Release Notes

Release 0.2.1

Major Features and Improvements

  • The theory glossary has been improved to include the notions of vectorization, kernel and amplitude for persistence diagrams.

  • The ripser function in gtda.externals.python.ripser_interface no longer uses scikit-learn’s pairwise_distances when metric is 'precomputed', thus allowing square arrays with negative entries or infinities to be passed.

  • check_point_clouds in gtda.utils.validation now checks for square array input when the input should be a collection of distance-type matrices.
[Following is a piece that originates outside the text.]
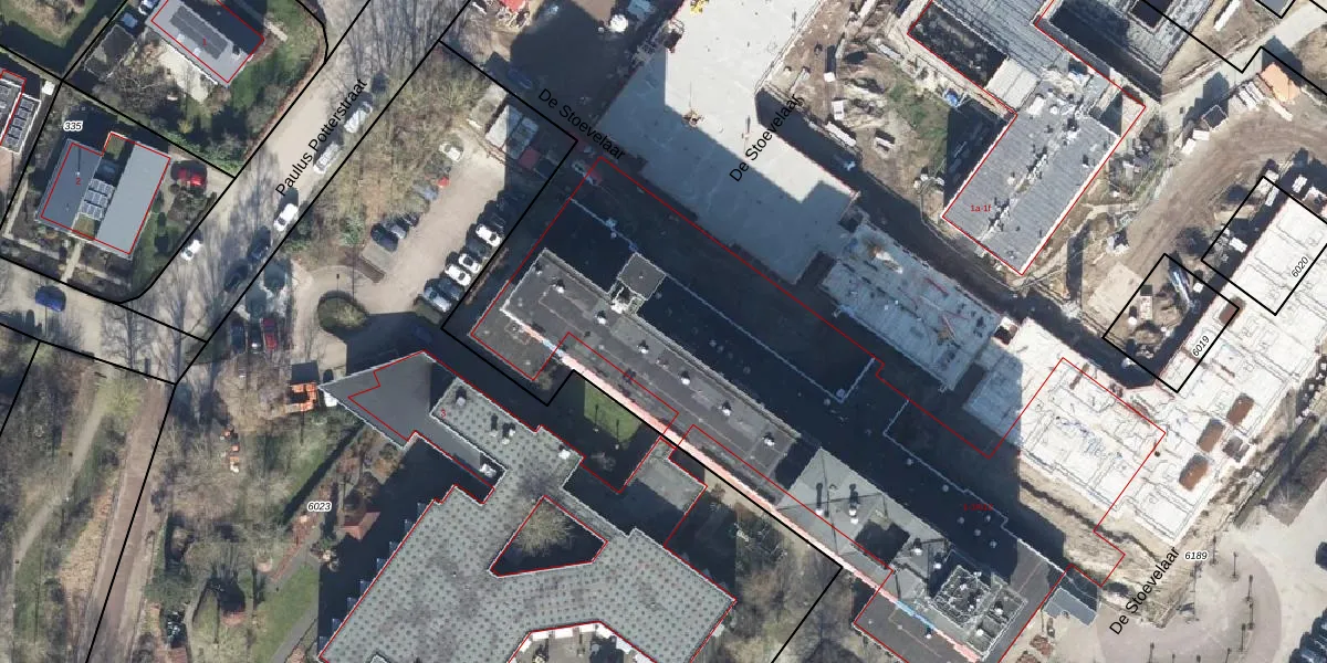 Het perceel waarop De Stoevelaar 1-610 staat heeft een oppervlakte van 2,9 ha. Dit is een zeer groot perceel. De perceeloppervlakte wordt geregistreerd door het Kadaster. Gedetailleerde informatie over de maten van dit perceel kunt u vinden in het rapport Kadastrale kaart met maatvoering van De Stoevelaar 1-610.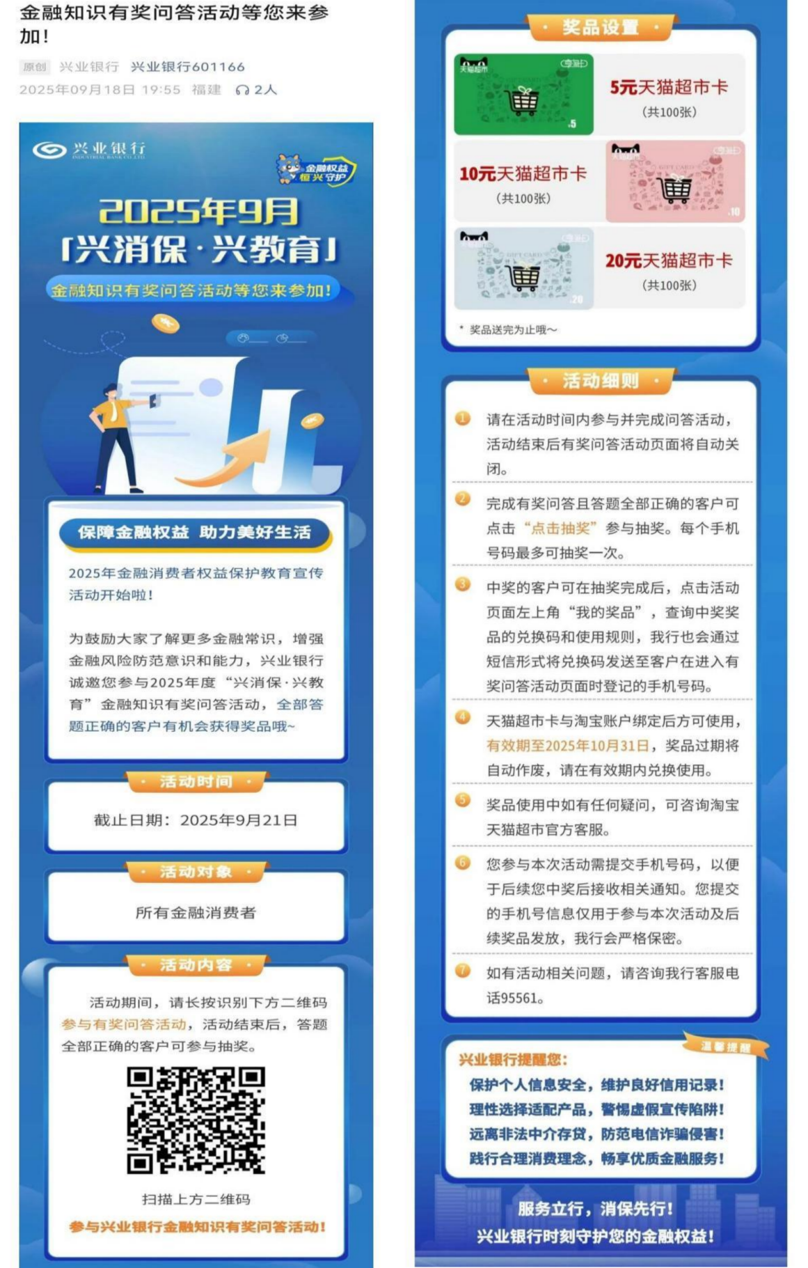 该活动以微信帖形式在兴业银行官方微信公众号上推出,号召全行员工积极向客户推广宣传,答题内容涵盖账户安全、个人信息、电信诈骗防范等金融知识要点,加强金融风险提示,以奖励的形式吸引消费者广泛参与,扩大金融知识宣传活动覆盖面,提升消费者金融风险防范能力,强化消保教育宣传实效。

Warnings guide the user to correctly setting the distance_matrices parameter. force_all_finite=False no longer means accepting NaN input (only infinite input is accepted).

  • VietorisRipsPersistence in gtda.homology.simplicial no longer masks out infinite entries in the input to be fed to ripser.

  • The docstrings for check_point_clouds and VietorisRipsPersistence have been improved to reflect these changes and the extra level of generality for ripser.

Bug Fixes

  • The variable used to indicate the location of Boost headers has been renamed from Boost_INCLUDE_DIR to Boost_INCLUDE_DIRS to address developer installation issues in some Linux systems.

Backwards-Incompatible Changes

  • The keyword parameter distance_matrix in check_point_clouds has been renamed to distance_matrices.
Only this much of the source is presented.